• _WHAT YOU ARE ASKED TO DO_: Reproduce each record exactly, but exclude every picture.

• _SUPPLIED RECORDS_:
═══
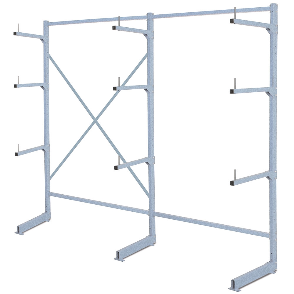 BRB Kragarmregal komplett, verzinkt, HxBxT 1950 x 2090 x 450 mm, 3 Ständer und 9 Arme mit Abrollsicherung
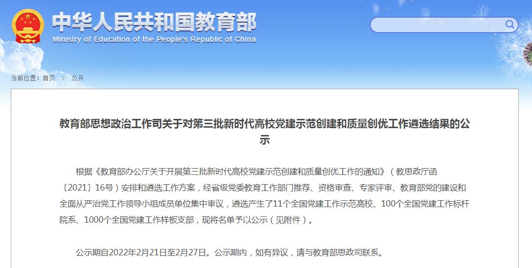 近日,根据《教育部思想政治工作司关于对第三批新时代高校党建示范创建和质量创优工作遴选结果的公示》,七大罪 七大罪 研究生党支部获批 “第三批全国党建工作样板支部”培育创建单位。
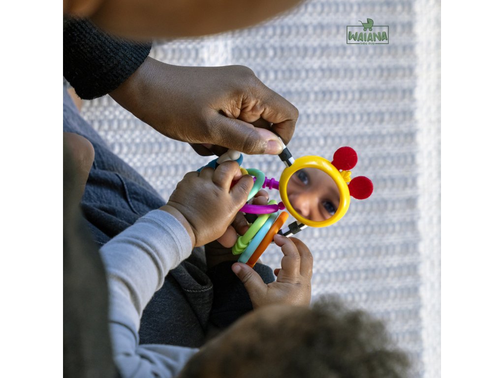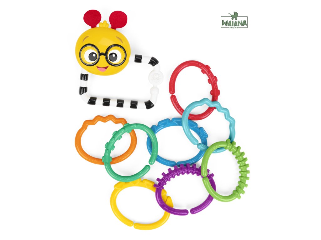 Zaujmite detské očká, rúčky aj myseľ so senzorickou hračkou Baby Einstein Cal’s Connectors. Táto sada 8 farebných prepojovacích krúžkov podporuje rozvoj jemnej motoriky a zmyslové vnímanie už od narodenia. Každý krúžok má inú textúru, ktorú si bábätko zamiluje pri skúmaní dotykom. Hračka je inšpirovaná húsenicou Calom z populárnych relácií a knižiek Baby Einstein. Vďaka zrkadielku na sebapoznávanie sa dieťatko zabaví aj samo, zatiaľ čo kontrastné farby (vrátane čiernobieleho krúžku) stimulujú zrak. Premeňte každodenné prechádzky a chvíle hrania na zábavnú a zmysluplnú aktivitu s Baby Einstein Cal’s Connectors!
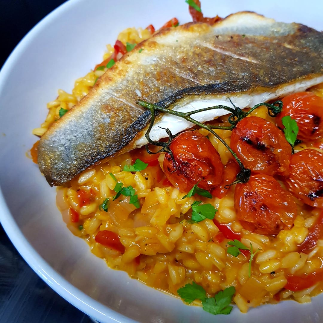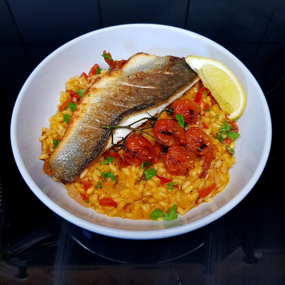My Own Creation Based on Med Seafood Soup – Pan Fried Sea Bass with Sundried Tomato, Orange and Chilli Risotto. Finished with Blistered Vine Tomatoes and Parsley.
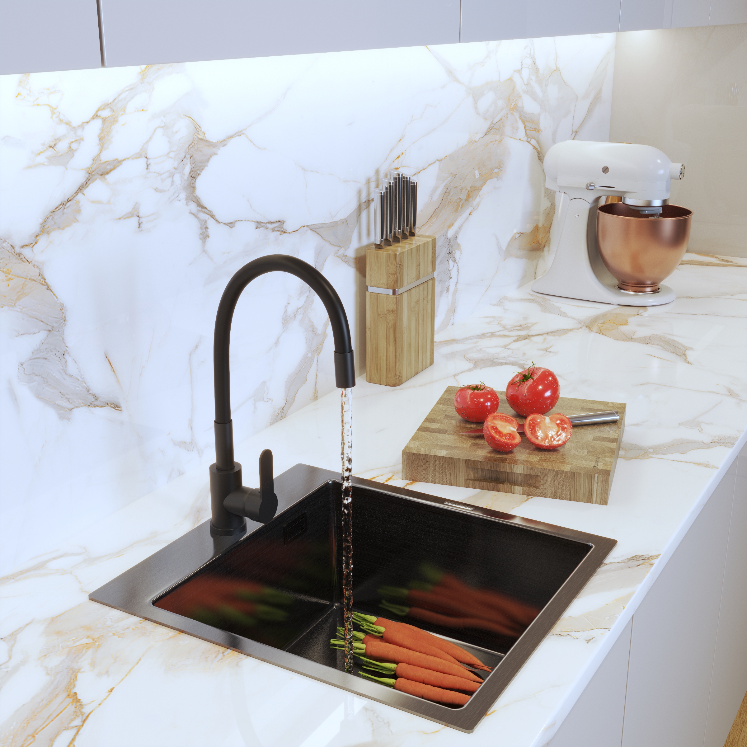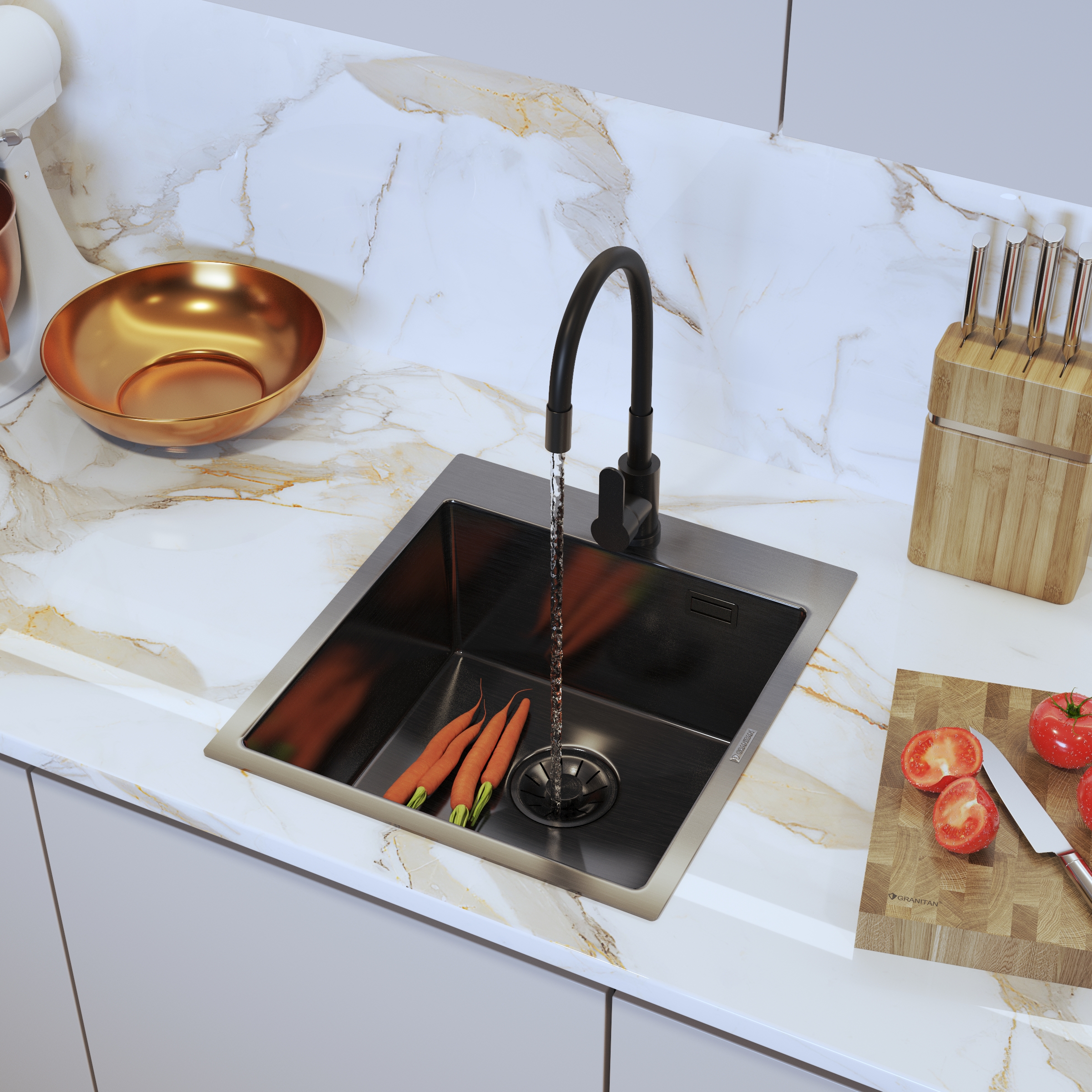 Culoarea elegantă face ca chiuveta să se potrivească în bucătării în stil minimalist, industrial sau clasic.
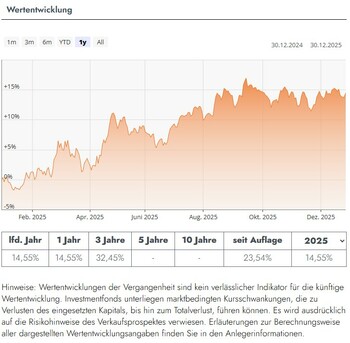 Bitte beachten Sie: Wertentwicklungen in der Vergangenheit sind kein verlässlicher Indikator für die künftige Wertentwicklung. Investmentfonds unterliegen marktbedingten Kursschwankungen, die zu Verlusten führen können. Es wird ausdrücklich auf die Risikohinweise des ausführlichen Verkaufsprospektes verwiesen.
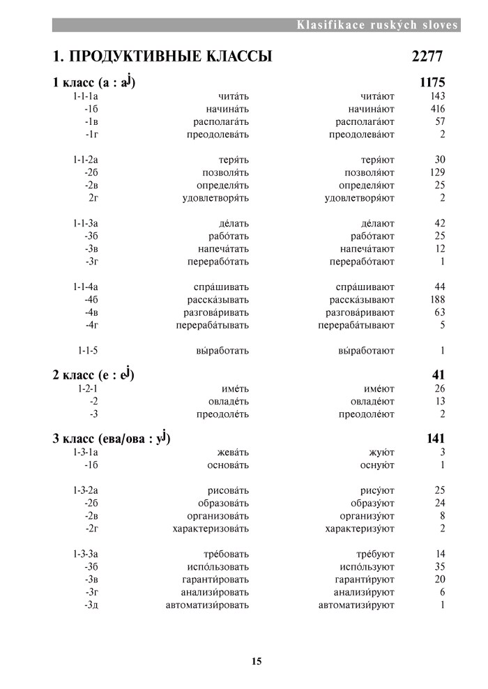 - klasifikaci ruských sloves do tříd a skupin
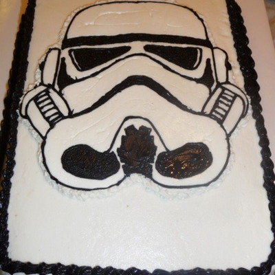 Used design idea of others in the gallery. 6" and 8" black fondant with bc flames (red, yellow, and orange in same bag with leaf tip). Found Darth Vader candle on eBay. Using the idea of someone else in the galleries, I added the sound chip from a music card to the bottom of the cakeboard, so it plays the SW theme when you pull the tab.
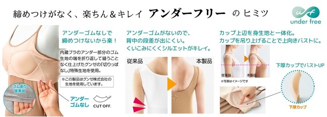 株式会社ニッセン(本社:京都市南区、代表取締役社長:羽渕 淳)が販売する、アンダーゴムなしで締めつけないブラトップ『under free(以下、アンダーフリー)』の新商品が2022年6月10日(金)AM11時より販売を開始いたしました。商品は、「ニッセンオンライン」(https://www.nissen.co.jp/)で購入が可能です。
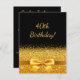 Elegante, clásico, glamuroso y femenino. Cinta dorada y arco con purpurina dorado y brillo, un poco de ostentación y lujo para un cumpleaños. Fondo negro. Con el texto: 40th Birthday! en el frente Añadir los detalles del evento en el reverso.
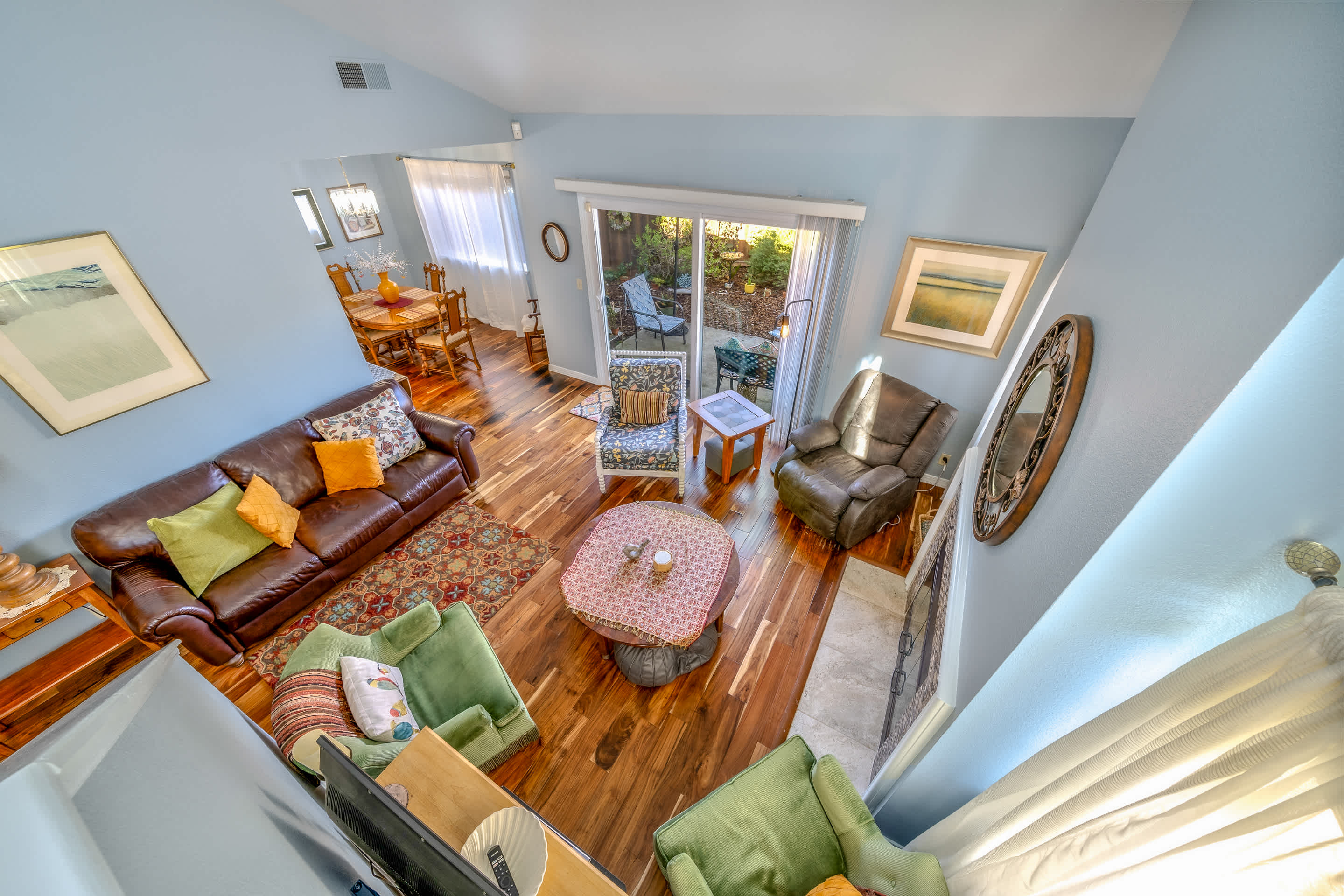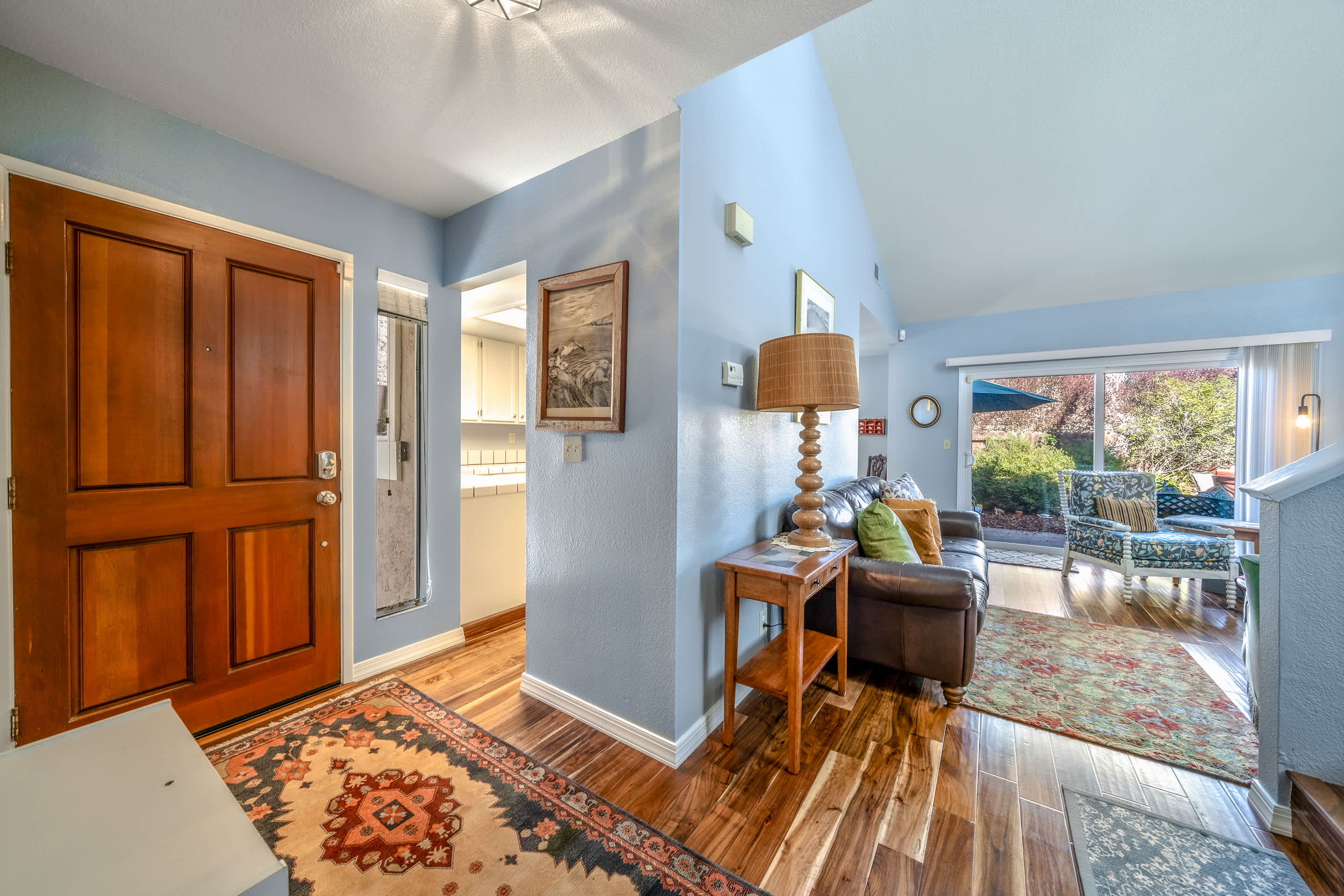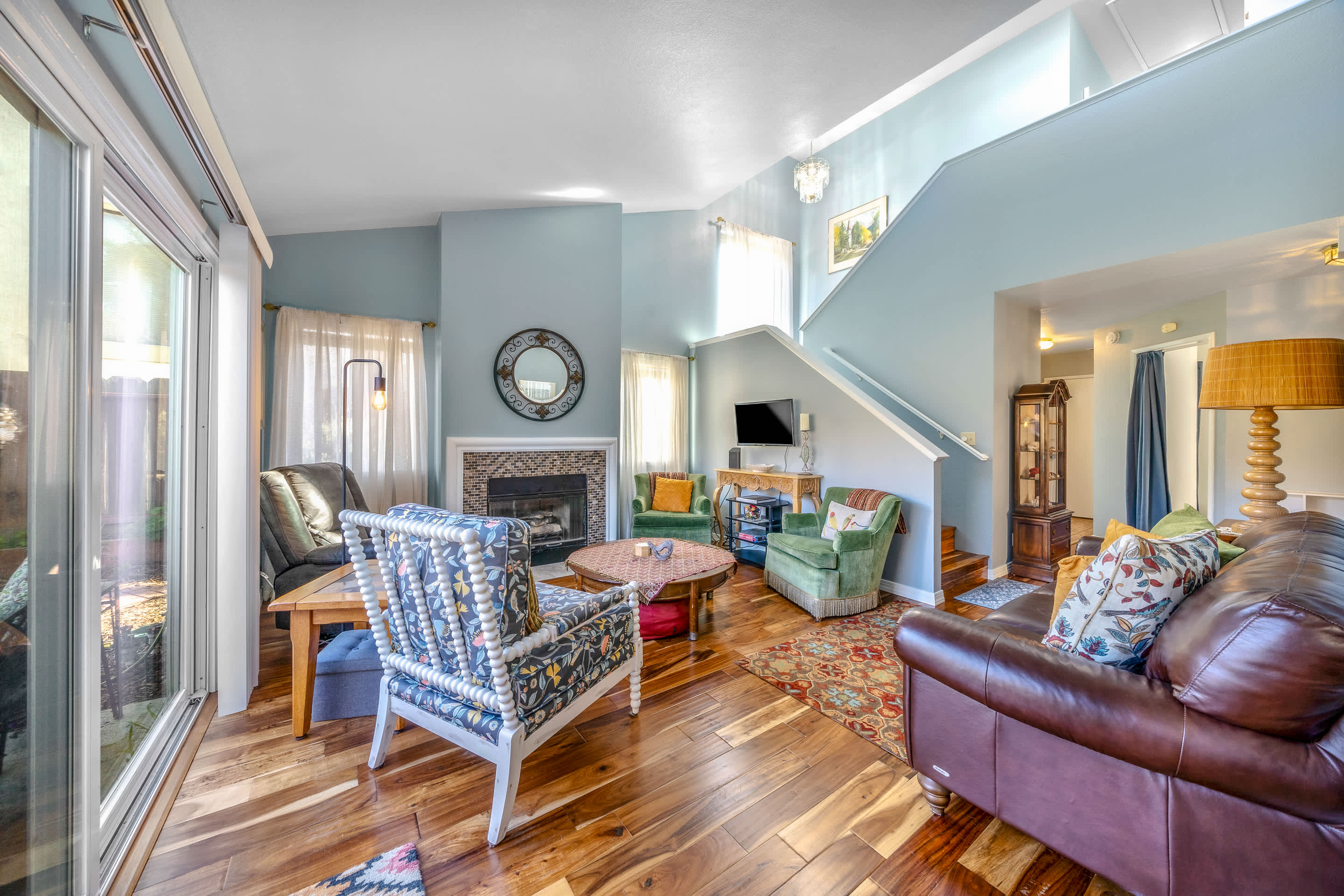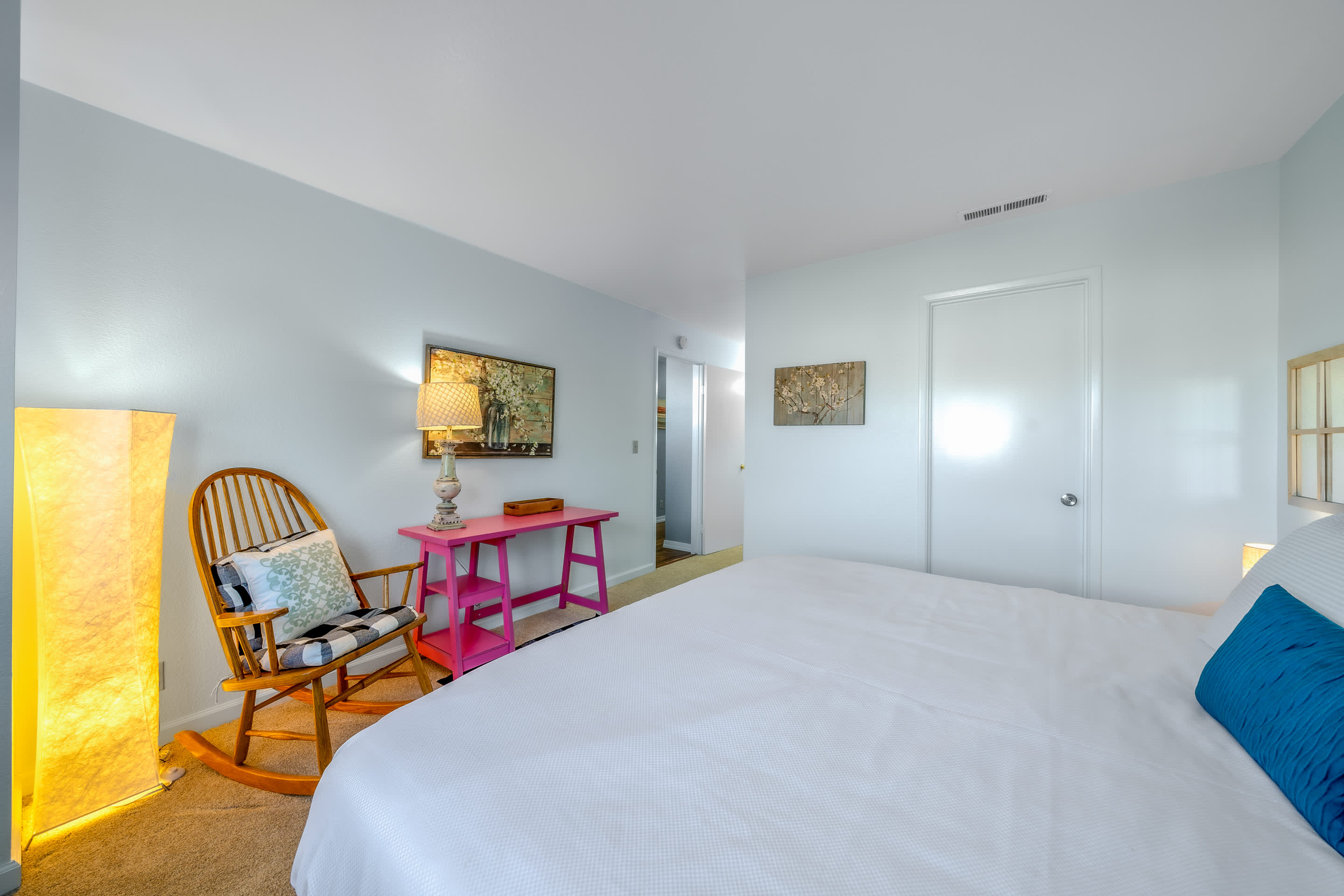 Step inside the home to be greeted by a cozy and inviting interior, thoughtfully curated with stylish décor and comfortable furnishings to maximize your down time. The charming living room offers an eclectic variety of seating options for whatever your mood, allowing you to fully relax as you stream a movie on the smart TV. The spacious kitchen is fully equipped for the convenience of preparing delicious homecooked meals, with ample counterspace and cabinetry stocked with cookware and dining ware. Enjoy meals together seated at the dining room table with chairs for 6 or explore the option to dine al fresco just off the back patio, surrounded by the sights and sounds of nature.
═══
• _RESPONSE AREA_:
 BRB Kragarmregal komplett, verzinkt, HxBxT 1950 x 2090 x 450 mm, 3 Ständer und 9 Arme mit Abrollsicherung
 近日,根据《教育部思想政治工作司关于对第三批新时代高校党建示范创建和质量创优工作遴选结果的公示》,七大罪 七大罪 研究生党支部获批 “第三批全国党建工作样板支部”培育创建单位。
 Zaujmite detské očká, rúčky aj myseľ so senzorickou hračkou Baby Einstein Cal’s Connectors. Táto sada 8 farebných prepojovacích krúžkov podporuje rozvoj jemnej motoriky a zmyslové vnímanie už od narodenia. Každý krúžok má inú textúru, ktorú si bábätko zamiluje pri skúmaní dotykom. Hračka je inšpirovaná húsenicou Calom z populárnych relácií a knižiek Baby Einstein. Vďaka zrkadielku na sebapoznávanie sa dieťatko zabaví aj samo, zatiaľ čo kontrastné farby (vrátane čiernobieleho krúžku) stimulujú zrak. Premeňte každodenné prechádzky a chvíle hrania na zábavnú a zmysluplnú aktivitu s Baby Einstein Cal’s Connectors!
My Own Creation Based on Med Seafood Soup – Pan Fried Sea Bass with Sundried Tomato, Orange and Chilli Risotto. Finished with Blistered Vine Tomatoes and Parsley.
 Culoarea elegantă face ca chiuveta să se potrivească în bucătării în stil minimalist, industrial sau clasic.
 Bitte beachten Sie: Wertentwicklungen in der Vergangenheit sind kein verlässlicher Indikator für die künftige Wertentwicklung. Investmentfonds unterliegen marktbedingten Kursschwankungen, die zu Verlusten führen können. Es wird ausdrücklich auf die Risikohinweise des ausführlichen Verkaufsprospektes verwiesen.
 - klasifikaci ruských sloves do tříd a skupin
 Used design idea of others in the gallery. 6" and 8" black fondant with bc flames (red, yellow, and orange in same bag with leaf tip). Found Darth Vader candle on eBay. Using the idea of someone else in the galleries, I added the sound chip from a music card to the bottom of the cakeboard, so it plays the SW theme when you pull the tab.
 株式会社ニッセン(本社:京都市南区、代表取締役社長:羽渕 淳)が販売する、アンダーゴムなしで締めつけないブラトップ『under free(以下、アンダーフリー)』の新商品が2022年6月10日(金)AM11時より販売を開始いたしました。商品は、「ニッセンオンライン」(https://www.nissen.co.jp/)で購入が可能です。
 Elegante, clásico, glamuroso y femenino. Cinta dorada y arco con purpurina dorado y brillo, un poco de ostentación y lujo para un cumpleaños. Fondo negro. Con el texto: 40th Birthday! en el frente Añadir los detalles del evento en el reverso.
 Step inside the home to be greeted by a cozy and inviting interior, thoughtfully curated with stylish décor and comfortable furnishings to maximize your down time. The charming living room offers an eclectic variety of seating options for whatever your mood, allowing you to fully relax as you stream a movie on the smart TV. The spacious kitchen is fully equipped for the convenience of preparing delicious homecooked meals, with ample counterspace and cabinetry stocked with cookware and dining ware. Enjoy meals together seated at the dining room table with chairs for 6 or explore the option to dine al fresco just off the back patio, surrounded by the sights and sounds of nature.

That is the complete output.